Segment Start: WORKING DATA

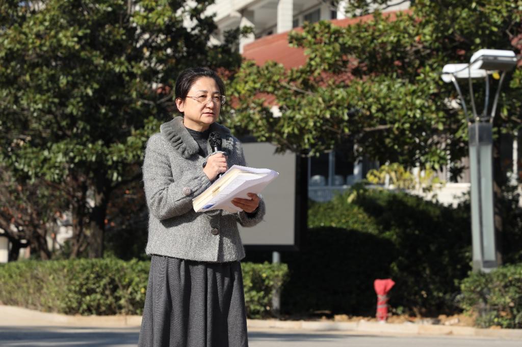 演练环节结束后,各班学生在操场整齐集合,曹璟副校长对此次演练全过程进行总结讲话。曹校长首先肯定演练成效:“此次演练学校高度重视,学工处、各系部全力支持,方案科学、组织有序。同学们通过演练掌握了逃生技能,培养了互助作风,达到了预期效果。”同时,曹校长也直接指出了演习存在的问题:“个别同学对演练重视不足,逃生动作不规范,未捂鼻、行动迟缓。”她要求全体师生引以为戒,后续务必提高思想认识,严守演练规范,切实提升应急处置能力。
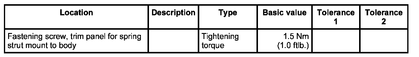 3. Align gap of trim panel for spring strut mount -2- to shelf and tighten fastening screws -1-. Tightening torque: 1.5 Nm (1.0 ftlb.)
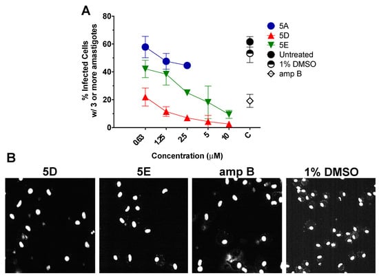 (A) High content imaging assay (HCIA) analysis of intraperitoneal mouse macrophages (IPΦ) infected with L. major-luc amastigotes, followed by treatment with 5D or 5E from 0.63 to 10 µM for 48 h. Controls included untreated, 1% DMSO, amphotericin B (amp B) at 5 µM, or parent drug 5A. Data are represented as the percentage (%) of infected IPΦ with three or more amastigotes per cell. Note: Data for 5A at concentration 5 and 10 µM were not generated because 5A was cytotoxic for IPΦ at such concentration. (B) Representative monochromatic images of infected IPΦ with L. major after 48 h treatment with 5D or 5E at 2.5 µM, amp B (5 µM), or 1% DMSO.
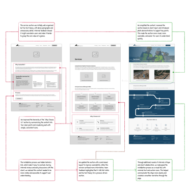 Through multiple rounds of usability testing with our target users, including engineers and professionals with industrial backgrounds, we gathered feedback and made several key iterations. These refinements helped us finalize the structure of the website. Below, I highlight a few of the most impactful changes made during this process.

Segment End: WORKING DATA
Segment Start: WORKING DATA

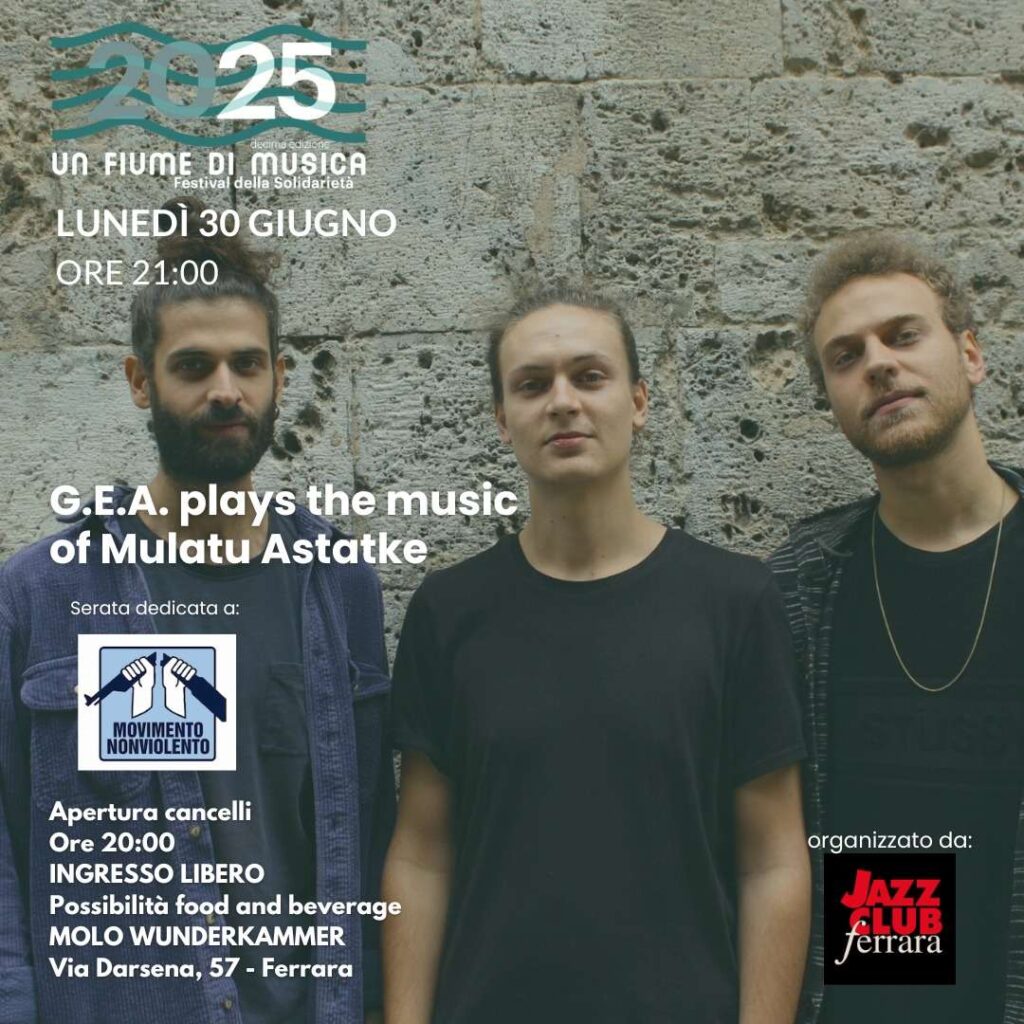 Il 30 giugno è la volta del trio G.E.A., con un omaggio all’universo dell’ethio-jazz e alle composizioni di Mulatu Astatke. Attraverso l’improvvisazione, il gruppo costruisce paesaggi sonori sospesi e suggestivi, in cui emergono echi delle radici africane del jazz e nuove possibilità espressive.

Segment End: WORKING DATA

PROBLEM REQUIREMENTS →
The lines to reproduce run from the one above containing "(A) High content" through the one containing "Through multiple rounds". Copy them exactly and leave out all pictures.

COMPLETED EXERCISE →
 (A) High content imaging assay (HCIA) analysis of intraperitoneal mouse macrophages (IPΦ) infected with L. major-luc amastigotes, followed by treatment with 5D or 5E from 0.63 to 10 µM for 48 h. Controls included untreated, 1% DMSO, amphotericin B (amp B) at 5 µM, or parent drug 5A. Data are represented as the percentage (%) of infected IPΦ with three or more amastigotes per cell. Note: Data for 5A at concentration 5 and 10 µM were not generated because 5A was cytotoxic for IPΦ at such concentration. (B) Representative monochromatic images of infected IPΦ with L. major after 48 h treatment with 5D or 5E at 2.5 µM, amp B (5 µM), or 1% DMSO.
 Through multiple rounds of usability testing with our target users, including engineers and professionals with industrial backgrounds, we gathered feedback and made several key iterations. These refinements helped us finalize the structure of the website. Below, I highlight a few of the most impactful changes made during this process.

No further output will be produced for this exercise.